■ EXTRACTED MATERIAL ■
^^^^^^^^^^^^^^^^
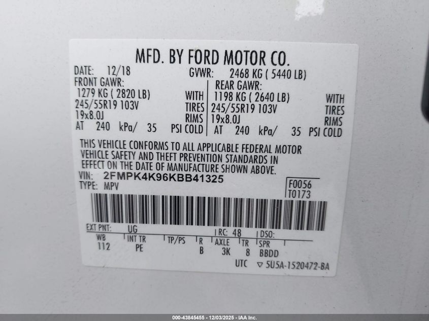 2019 FORD EDGE 2019 року Бензин, 2.0, Полный привод, vin - 2FMPK4K96KBB41325 из США
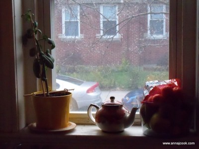 Making room for the fountain, despite its modest size, precipitated a major reorganization of the living room – a way of making the apartment few new and springy even though we’ve lived here nearly five years (and Hanna even longer).
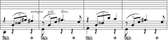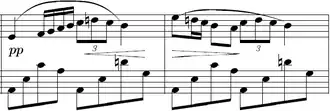 In bars 58 through 61, there are 4 different tuplets; an 18-tuplet, a 35-tuplet, an 11-tuplet, and a 13-tuplet, all of which run through the E major scale. The piece ends in ppp with a high and low C♯.
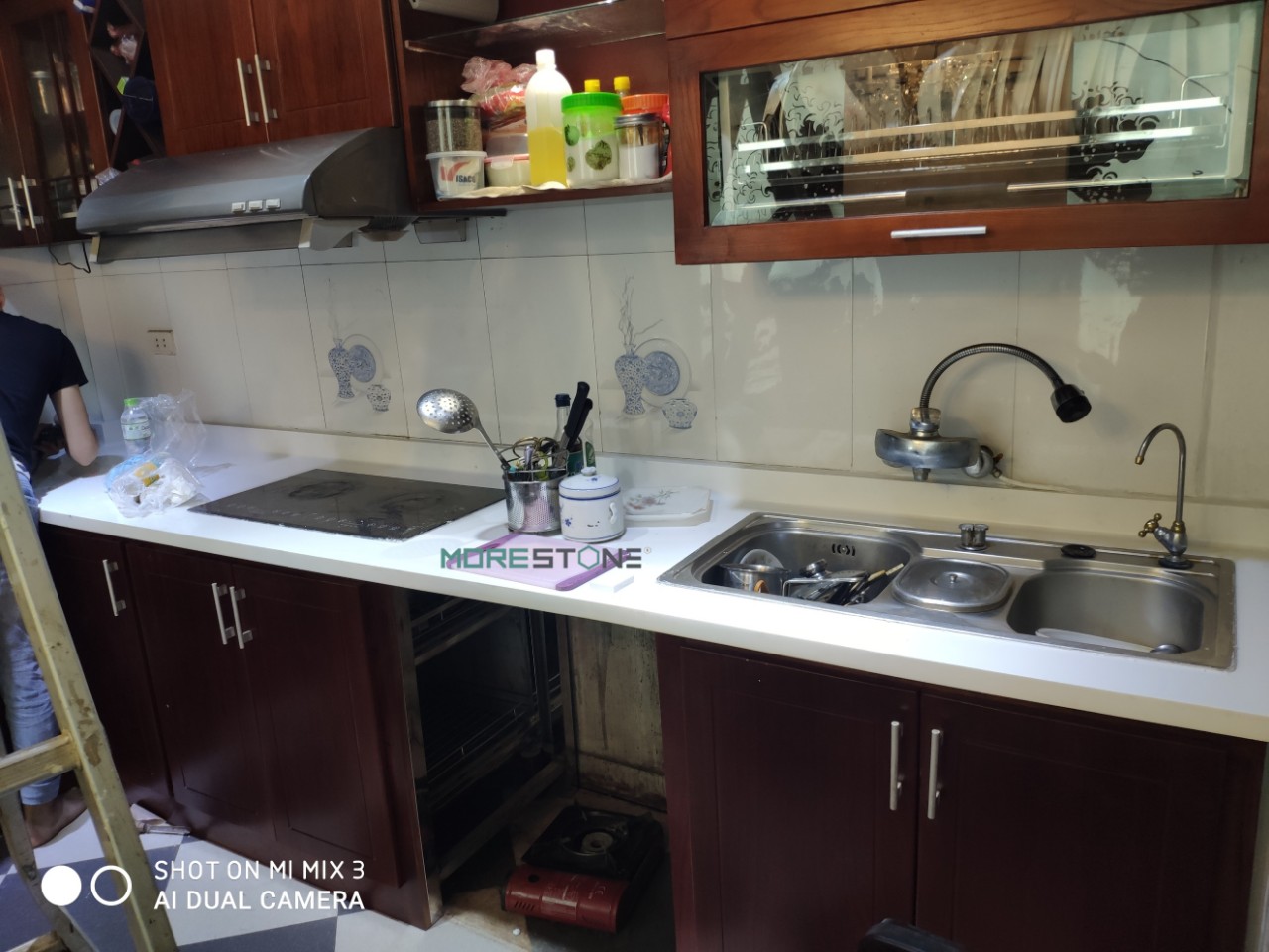 Công trình thi công thực tế, Thi công đá nhân tạo solid surface, Đá ốp bàn đảo, Đá ốp bếp
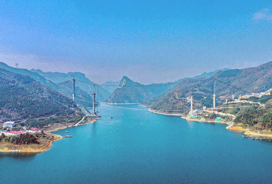 天峨龍灘特大橋位于廣西河池市天峨縣龍灘大壩上游6公里處,是南丹至天峨下老高速公路的控制性工程之一。大橋全長2488.55米,主橋為跨徑600米的上承式勁性骨架混凝土拱橋,是在建的世界最大跨徑拱橋,開創了世界600米級拱橋建設的新紀元。南丹至天峨下老高速公路主線全長104.9公里,是廣西單座公路隧道最長,世界已建或在建拱橋計算跨徑最大的項目。項目建成后,將結束天峨縣不通高速的歷史,對于高水平共建西部陸海新通道,進一步形成廣西北部地區的連接新通道,構筑起南向北聯、東融西合、出省出邊、通江達海的高速公路網絡具有重大意義。
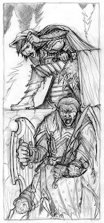 As a note, the final size is 3" x 6.75" as requested, just shown here larger for your viewing pleasure.The assignment for this week was to depict a pair of vampires. The piece had to be black and white line art and include several other key details, a full description can be found here. Jon Schindehette really raised the bar on this one. Not only is he giving out an art commission to the 'winner' but he has invited several other art directors from competing companies to have their say and possibly discover new artist. A list of those other art directors can be found here. So there will probably be a lot of new faces on the line up this Tuesday besides the regulars that participate each week, should be exciting!
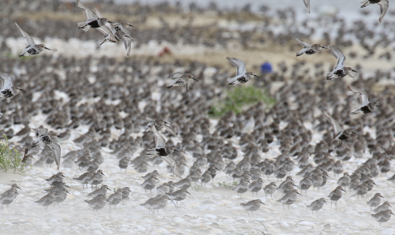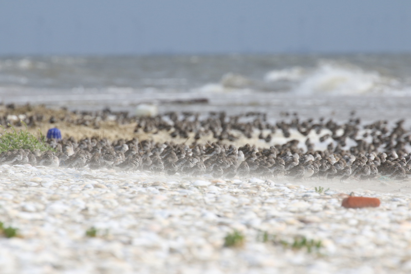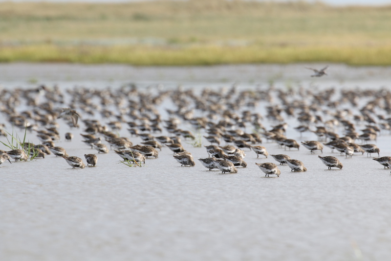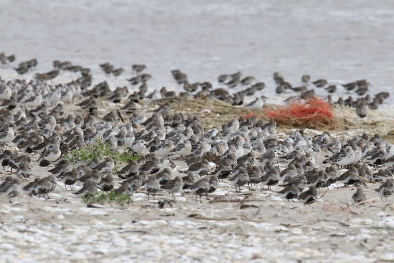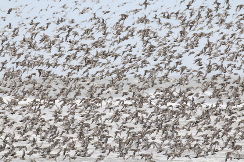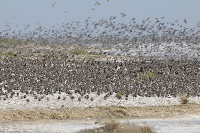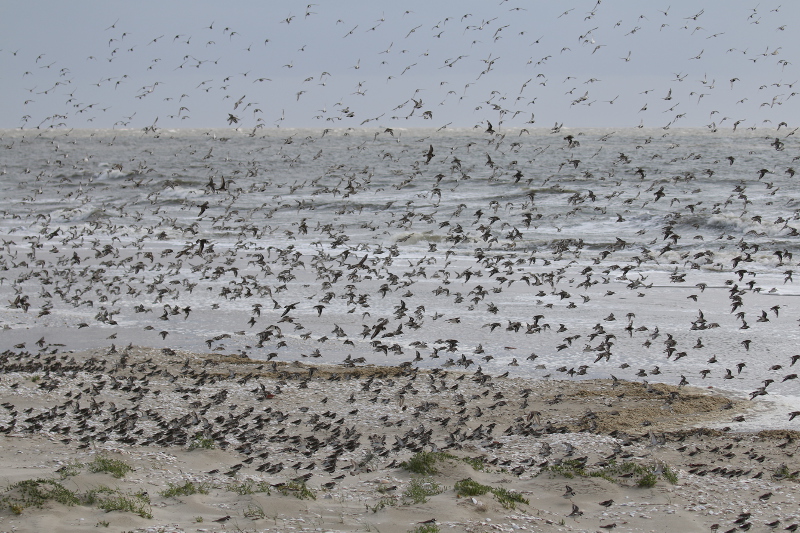Das Wattenmeer füllt sich weiter. Viele arktische Limikolen machen hier an der Drehscheibe des Vogelzugs Rast. Sie fressen vom reich gedeckten Tisch, erneuern ihr Federkleid und legen sich Energiereserven für die Weiterreise an. Bei Hochwasser rasten auf den Inseln, Außensänden oder in den Kögen abertausende Individuen. Wenn es aber wie in den letzten Tagen stürmt und das Hochwasser höher als gewöhnlich aufläuft, dann sind einige dieser Hochwasserrastplätze für die Vögel nicht mehr nutzbar und sie müssen enger zusammenrücken.
^^^^^^^^^^^^^^^^
■ WHAT TO WORK ON ■
From the first record to the last, copy everything exactly except the pictures.

■ FINAL ANSWER ■
 2019 FORD EDGE 2019 року Бензин, 2.0, Полный привод, vin - 2FMPK4K96KBB41325 из США
 Making room for the fountain, despite its modest size, precipitated a major reorganization of the living room – a way of making the apartment few new and springy even though we’ve lived here nearly five years (and Hanna even longer).
 In bars 58 through 61, there are 4 different tuplets; an 18-tuplet, a 35-tuplet, an 11-tuplet, and a 13-tuplet, all of which run through the E major scale. The piece ends in ppp with a high and low C♯.
 Công trình thi công thực tế, Thi công đá nhân tạo solid surface, Đá ốp bàn đảo, Đá ốp bếp
 天峨龍灘特大橋位于廣西河池市天峨縣龍灘大壩上游6公里處,是南丹至天峨下老高速公路的控制性工程之一。大橋全長2488.55米,主橋為跨徑600米的上承式勁性骨架混凝土拱橋,是在建的世界最大跨徑拱橋,開創了世界600米級拱橋建設的新紀元。南丹至天峨下老高速公路主線全長104.9公里,是廣西單座公路隧道最長,世界已建或在建拱橋計算跨徑最大的項目。項目建成后,將結束天峨縣不通高速的歷史,對于高水平共建西部陸海新通道,進一步形成廣西北部地區的連接新通道,構筑起南向北聯、東融西合、出省出邊、通江達海的高速公路網絡具有重大意義。
 As a note, the final size is 3" x 6.75" as requested, just shown here larger for your viewing pleasure.The assignment for this week was to depict a pair of vampires. The piece had to be black and white line art and include several other key details, a full description can be found here. Jon Schindehette really raised the bar on this one. Not only is he giving out an art commission to the 'winner' but he has invited several other art directors from competing companies to have their say and possibly discover new artist. A list of those other art directors can be found here. So there will probably be a lot of new faces on the line up this Tuesday besides the regulars that participate each week, should be exciting!
Das Wattenmeer füllt sich weiter. Viele arktische Limikolen machen hier an der Drehscheibe des Vogelzugs Rast. Sie fressen vom reich gedeckten Tisch, erneuern ihr Federkleid und legen sich Energiereserven für die Weiterreise an. Bei Hochwasser rasten auf den Inseln, Außensänden oder in den Kögen abertausende Individuen. Wenn es aber wie in den letzten Tagen stürmt und das Hochwasser höher als gewöhnlich aufläuft, dann sind einige dieser Hochwasserrastplätze für die Vögel nicht mehr nutzbar und sie müssen enger zusammenrücken.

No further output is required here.